There may be few generalities you can make about Jost Van Dykians that most islanders will agree with, but one thing is certain: Jost Van Dykians love the sea. An island of just three square miles, residents have had a close relationship with the water ever since the first Amerindian inhabitants paddled to these shores in giant dugout canoes made of Silk Cotton trees and lived on a diet probably dominated by food harvested from the sea.

Fishing and boating have played an important role on Jost Van Dyke, providing islanders with a means for transportation, food, commerce and recreation. For recreation, model toy boats were constructed made of local woods or coconut shells. Starting sometime in the 1940s, islanders recall youths paddling in these bateaux – the French word for boat, which may have been associated with the community of fishermen of French descent on St. Thomas, USVI, where similar vessels were constructed.
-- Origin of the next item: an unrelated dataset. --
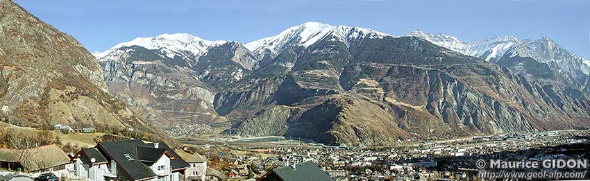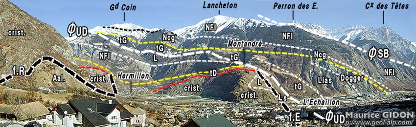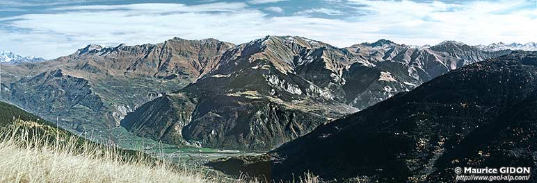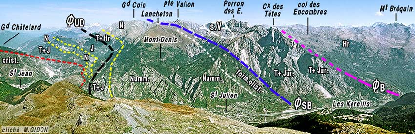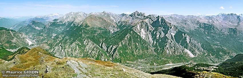 ![]() Panorama de la rive droite de la Maurienne, entre Saint-Michel et Saint-Jean de Maurienne vu du sud, depuis le sommet de Casse-Massion (au dessus des Karellis). En rouge l'interface cristallin - sédimentaire (base du Trias). En rouge l'interface

Around the time that galvanized roofing material was imported to the Virgin Islands (circa World War II), residents began making bateaux by pounding sheets of old galvanized tin into flat panels. Scrap wood would then be used to fashion a transom, bow piece and rails. "We were too poor to buy boats like they have today," recalls island resident Dean Callwood waving his hand towards a line of dinghies and kayaks lining Great Harbor Beach. He fondly remembers paddling out to greet visitors on the first yachts visiting the BVI.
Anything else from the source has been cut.